In contrast with Chile,
housing subsidies in much of Latin America have largely replaced housing
credit and household savings rather than stimulated these more
sustainable forms of home finance. Housing subsidies (direct-demand
subsidies as well as other modes of subvention) have also widely served
political ends – to gain votes of household beneficiaries and to channel
housing development and finance business to firms that are allies or
friends. Housing subsidy systems also often develop incrementally
without following basic principles (transparency, targeting, efficiency,
administrative simplicity, sustainability) and join many components
(land discounts, below-market interest rate loans, prompt-payment
discounts, direct-demand subsidies, and others) into a convoluted whole
(Hoek-Smit, 2005).
Finally, urban land
prices tend to rise to consume ever-greater portions of the subsidy,
even in Chile. Pumping more money – whether subsidies or credit – into
a housing and land system suffering from important bottlenecks tends to
raise land prices rather than reach targeted households.
These problems have
resulted in uneven experiences with direct-demand housing subsidies and
in poor performance in enabling formal sector systems to reach
low-income families in most Latin American countries, although they are
often an improvement on the supply-side subsidies that they have
replaced. Here, as in most of the developing world (Africa, South
Asia), informal development continues to have a predominant role in
low-income shelter and settlement, and formalizing informal development
remains the most viable overall approach to affordable housing (Soliman,
2004). New technologies and approaches to financing such as housing
microfinance (Ferguson, 2004; UN-Habitat, 2005) and providing land for
progressive development of many different types of low-cost housing
solutions (Ferguson, 2003b) that reproduce but reduce the costs and
increase the benefits of progressive housing represent the way forward
in these areas.
The East Asian approach
(e.g. Singapore, Hong Kong, China) to stimulating formal sector housing
development contrasts with, as well as has some similarities to, that of
Latin America. The East Asian housing strategy has accompanied rapid
GDP growth and has occurred in the context of the region’s overall
approach to economic development, often called the “developmental
state.” In addition, governments have either owned or managed a great
deal of urban land. The interventionist public role in land
development and the extremely high densities of East Asian cities have
resulted primarily in high-rise apartment building. Finally, as Chile
and Costa Rica, governments of East Asian countries have invested large
sums over long periods in affordable housing, funded the production of
large numbers of units relative to new household formation, and thus
have substantially reduced the number and size of urban informal
settlements.
Development on the Urban Fringe and in
the City Center, and Improving Urban Environmental Sustainability
Development on the urban fringe increasingly takes polarized
forms in developing countries. Low-income households – although not the
poorest, whose main priority is to live as close as possible to jobs in
the city center – tend to occupy sprawling informal subdivisions on the
periphery. Subsidized government housing development for low- and
moderate-income families depends on the availability of low-cost land,
also located on or beyond the urban fringe. At the other end of the
income spectrum, the elite follow manufacturing subsidiaries of
international companies, universities, local high-tech manufacturers,
and international service-providers, and commercial establishments to
the suburbs, and increasingly live in gated suburban communities.

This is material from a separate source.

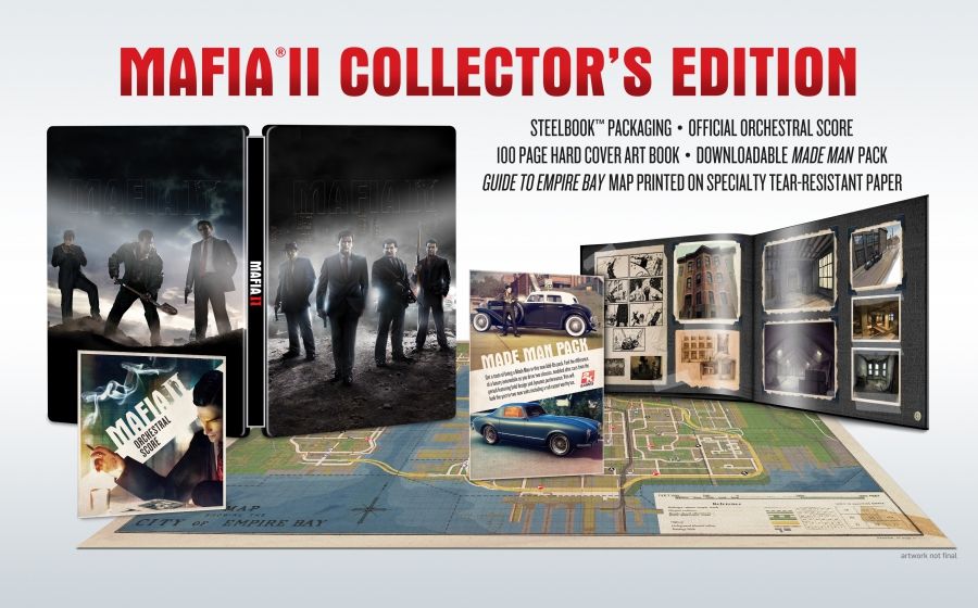 Знаменитая Нью - Йоркская аллея – как вы видите, это место показывает нам «красоту и последствия разрушительного нападения инопланетян». Люди, в панике покидавшие город, бросали свои машины и личные вещи, но некоторые всё же остались – об этом свидетельствуют граффити на стенах вида «Иисус спасёт нас» и баннер «Нам нужна еда и вода». Вид на полуразрушенный Battery Park - в мирное время популярное место отдыха, теперь заставлено остовами танков и явными следами недавнего сражения. Каньон – видение разработчиками «городских джунглей», появившихся в результате разрушения города. «Мы воспроизвели в игре различные степени разрушения Нью-Йорка с тем, чтобы разнообразить пейзаж и получить водопады, ручьи и каверны от подземных вод в лабиринте подземки» - сообщают разработчики. «Центральная станция» - последний оплот человечества в борьбе за город Нью-Йорк. Она представляет собой хорошо защищённое, многоуровневое строение. Ландшафт представляет собой переплетение современной и исторической архитектуры, вкупе с разрушениями от вторжения пришельцев. Далее появилось информация относительно коллекционной версии Mafia 2. Коллекционка будет включать: - Металлический кейс, на котором изображены двое главных героев - Вито и Джо. - Made Man Pack - загружаемый контент, который будет включать два роскошных автомобиля и два костюма для Вито, включая винтажный смокинг. - 100-страничный артбук в твердом переплете. Изучив его вы сможете узнать о семьях, живущих в Empire Bay, а также познакомиться с процессом создания игры. - Саундтрек игры, исполненный Пражским филармоническим оркестром. - Подробная карта Empire Bay. События в Mafia II начинаются незадолго до конца Второй Мировой войны, когда один из главных героев - Вито - бедный американец итальянского происхождения, возвращается из Европы в США. Вместе со своим другом Джо они погружаются в криминальный мир города. |

The resulting sprawl has strong negative environmental
impacts. It consumes agricultural and environmentally sensitive land.
Metropolitan growth also contributes to threatening an absolute global
shortage of fresh water. Utility companies must go farther afield to
obtain new sources of water, and spend skyrocketing sums on processing,
pumping, and transporting it to increasingly extensive service areas.
Desalinization technologies may have a role to play here in coastal
cities. Most troubling of all, sprawl joined with the export of old,
highly-polluting manufacturing, power generation, and automotive
technologies has substantially increased the emissions of carbon dioxide
and other greenhouse gases throughout the world, greatly contributing to
the rapidly growing global crisis of climate change.
The alternative to sprawl involves greater densification of
existing urban areas, particularly around transport nodes. In this
regard, many larger and older developing country metropolitan areas have
come to assume the spatial form of U.S. cities. Congestion, crime, and
the flight of middle-class households to the suburbs has left behind
central cities confronted with declining population and employment.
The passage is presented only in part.